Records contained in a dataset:
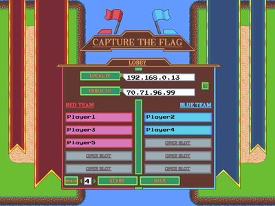 To host the game, one player needs to act as the server and run CTF Server.exe. Note that even if a player is hosting a game they can open up a CTF Client.exe program and connect to himself to play. Once the program opens, the host needs to designate a port to use. This can be any value, but the default is set to 8080 and i recommend you use that. After selecting a port the host needs to click the Host Game button to begin hosting a game. At the top of the server lobby screen there will be two IP Addresses printed out: the local address, and the public IP address. Players connecting to the server from the same internet connection should use the local ip address to connect, and players connecting from a different internet connection should use the public ip address. To connect with players via a public ip address the host must have forwarded the port they are using to host (the number you entered in the very first screen). Once all players are connected the host can set the score requried for a team to win the match (bottom left corner of the screen), and then hit the Start button to start the game. You cannot start a game unless there is atleast one player on each team.
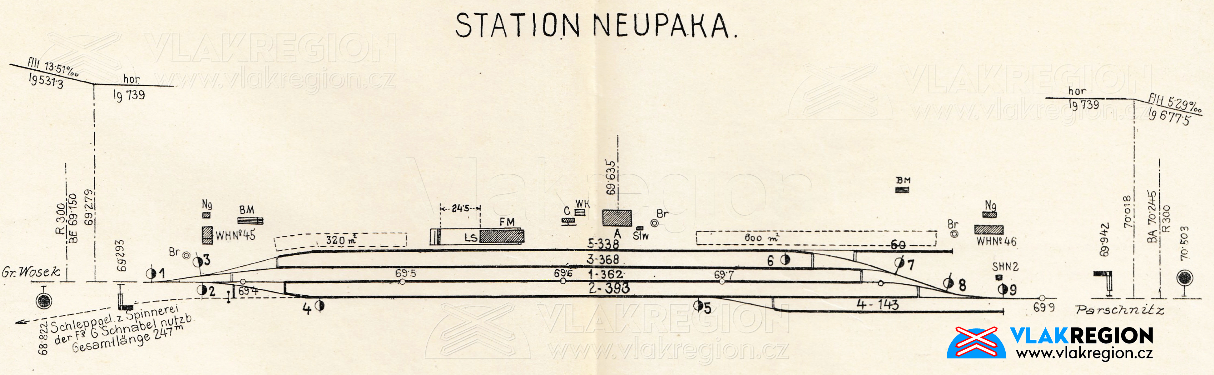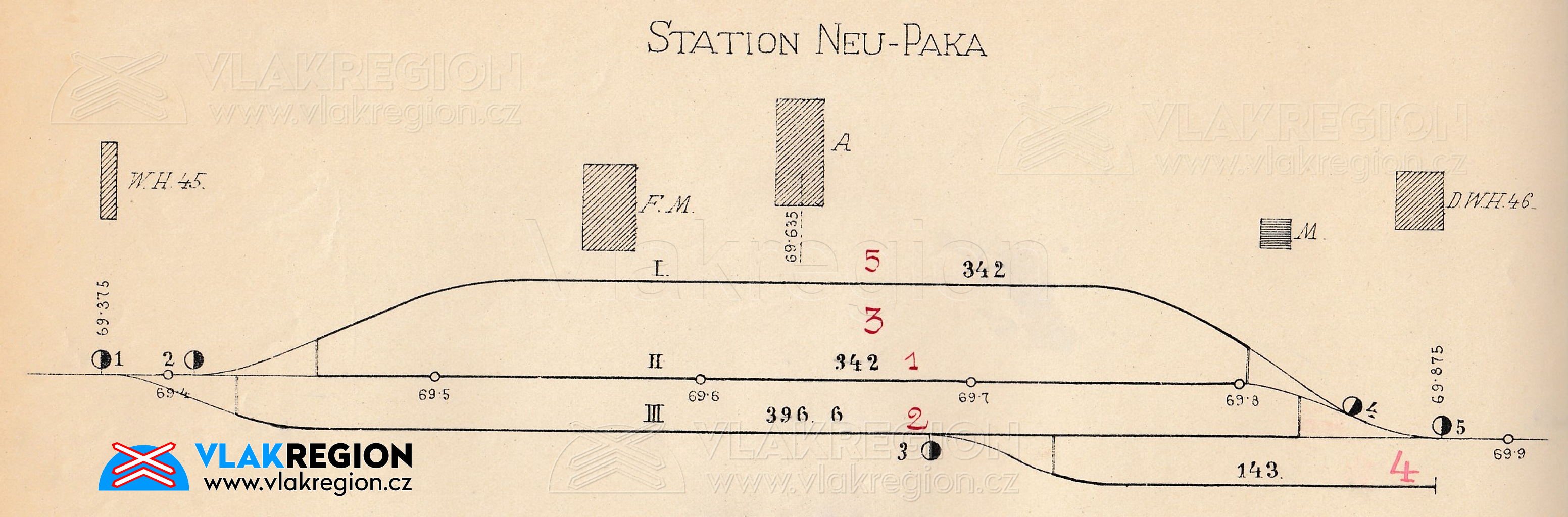 Schématická mapa stanice Nová Paka z roku 1911 (sbírka Zdeněk Hrdina)
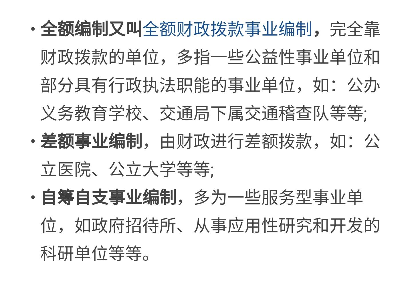 事业单位编制大多是服务性质的单位,一般分为三种:全额事业编制、差额事业编制和自筹自支事业编制三种。
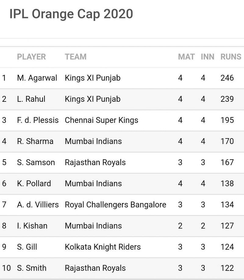 There was no further change on the IPL 2020 leading run-getters list as the Kings XI Punjab duo of Mayank Agarwal and KL Rahul occupy the top two slots with aggregates of 246 runs and 239 runs respectively.
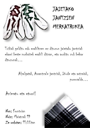 Jaietako jantziak trukatzeko Merkatrukea azoka. Txikiak geratu direnak eraman eta norberarentzako egokiagoak topatzeko aukera… Alpargatak, arrantzale jantziak, Iñude eta artzainen konpartsetakoak, Porruslada txaranagrenak…
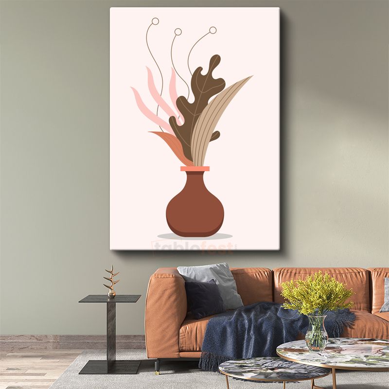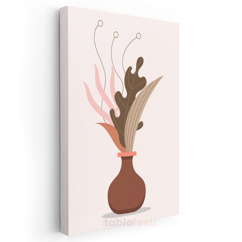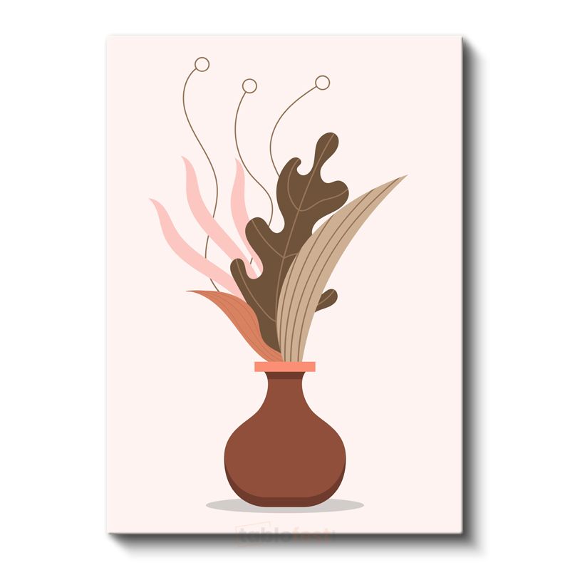 Organik Formlar - Vazo ve Stilize Yapraklar Kanvas Tablo
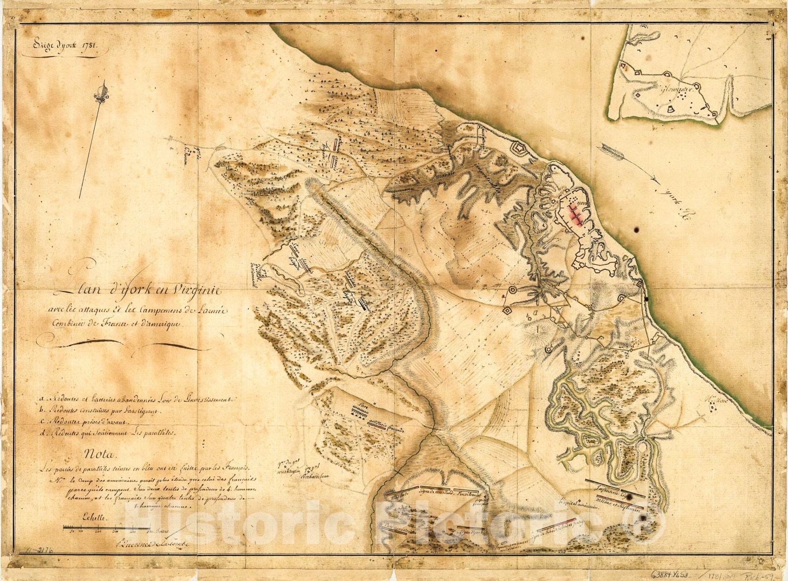 • Historic 1781 Map - Siege d'York, 1781. Plan d'York en Virginie avec les attaques et les campemens de l'Armée combinée de France et d'Amérique.
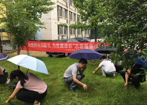 为深入推进“两学一做”学习教育常态化制度化,进一步发挥师生党员先锋模范作用,6月28日下午,水利与生态工程学院师生党员、机关第五党支部教工党员共50余人,在行政楼西侧开展清除杂草、美丽校园志愿服务活动,为党的生日献礼、为党旗添彩。
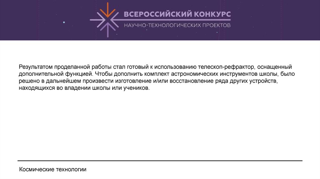 Результатом проделанной работы стал готовый к использованию телескоп-рефрактор, оснащенныйдополнительной функцией. Чтобы дополнить комплект астрономических инструментов школы, было

WHAT THE TASK REQUIRES
From the records above, write out exactly the lines that begin at the line with "Schématická mapa stanice" and end at the line with "There was no". Pictures must not appear in the output.

RESPONSE TO THIS EXERCISE
 Schématická mapa stanice Nová Paka z roku 1911 (sbírka Zdeněk Hrdina)
 事业单位编制大多是服务性质的单位,一般分为三种:全额事业编制、差额事业编制和自筹自支事业编制三种。
 There was no further change on the IPL 2020 leading run-getters list as the Kings XI Punjab duo of Mayank Agarwal and KL Rahul occupy the top two slots with aggregates of 246 runs and 239 runs respectively.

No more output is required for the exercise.